> [DATASET CONTENT]

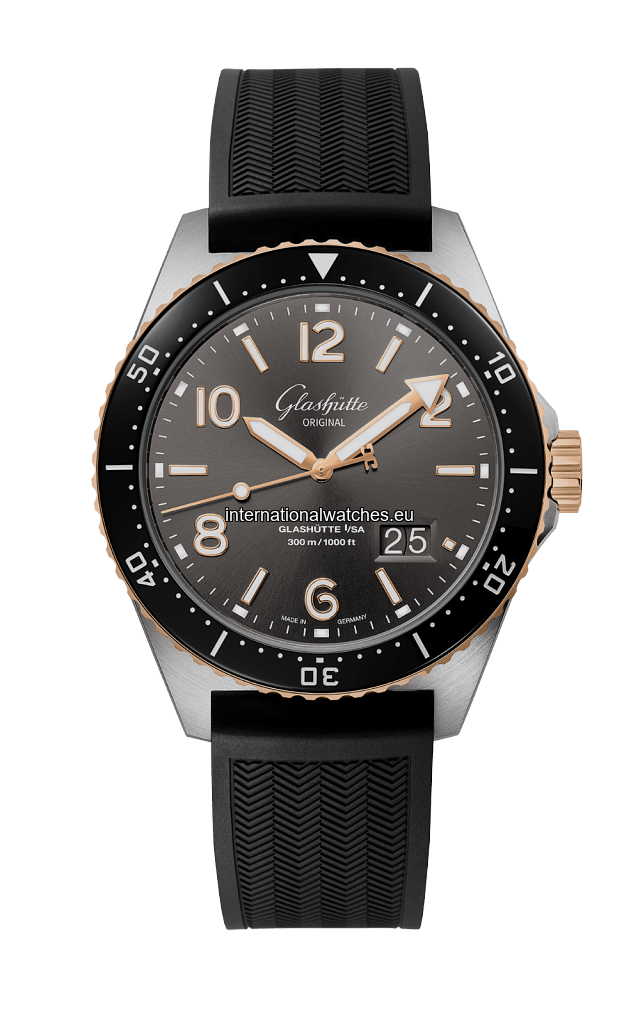 The SeaQ Panorama Date in bi-colour with grey dial: a stylish diver’s watch with water resistance up to 30 bar. Rubber strap black.
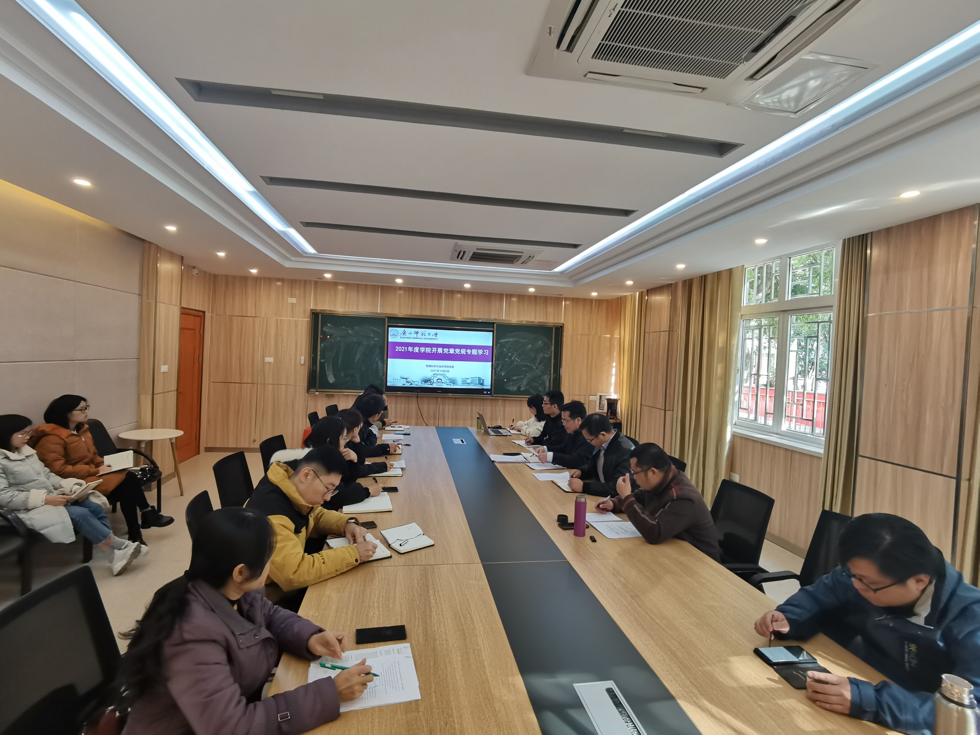 12月2日,胜游体育(SYsports)官方网站入口与技术学院在育才校区物理办公楼105会议室召开2021年度党章党规专题学习。学院党政领导班子、党委委员、纪委委员和各党支部书记参加会议。
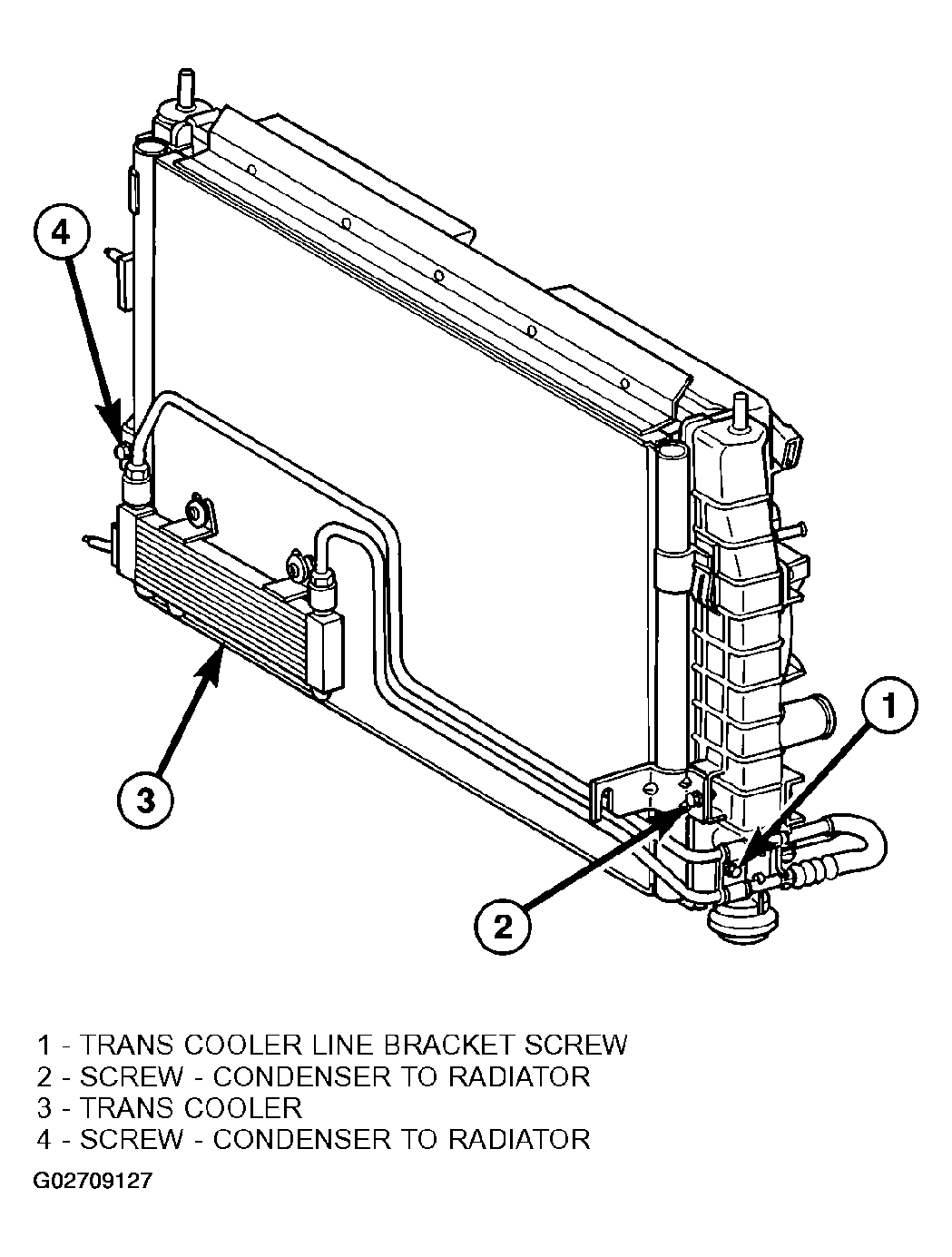 - Attach air conditioning condenser to mounting clips on radiator. Install mounting screws and tighten to 5 N.m (45 in. lbs.) (Figure ) or (Figure ).
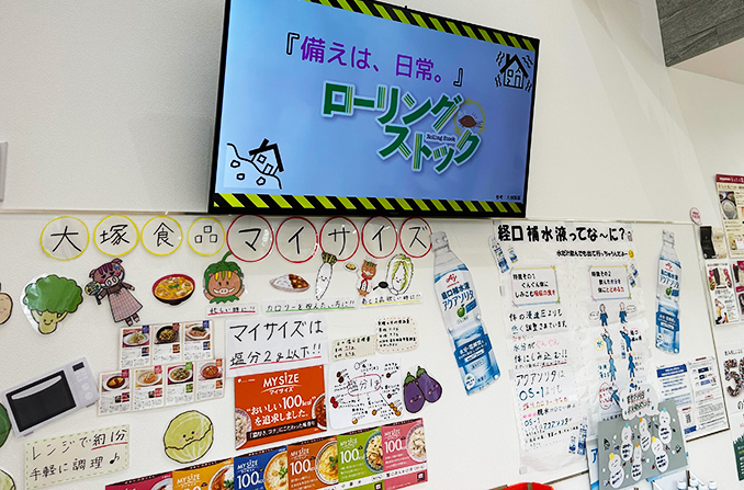 比較的新しい店舗で大きい待合室のため、様々なOTC商品の陳列やPOPにより手に取ってもらいやすい工夫をしています。またデジタルサイネージを使って、ぼうしや薬局の取り組みや役立つ情報を発信しています。

> [HOW TO COMPLETE THIS TASK]
Apart from the images, please copy every line of the data exactly as written.

> [OUTPUT OF THE TASK]
 The SeaQ Panorama Date in bi-colour with grey dial: a stylish diver’s watch with water resistance up to 30 bar. Rubber strap black.
 12月2日,胜游体育(SYsports)官方网站入口与技术学院在育才校区物理办公楼105会议室召开2021年度党章党规专题学习。学院党政领导班子、党委委员、纪委委员和各党支部书记参加会议。
 - Attach air conditioning condenser to mounting clips on radiator. Install mounting screws and tighten to 5 N.m (45 in. lbs.) (Figure ) or (Figure ).
 比較的新しい店舗で大きい待合室のため、様々なOTC商品の陳列やPOPにより手に取ってもらいやすい工夫をしています。またデジタルサイネージを使って、ぼうしや薬局の取り組みや役立つ情報を発信しています。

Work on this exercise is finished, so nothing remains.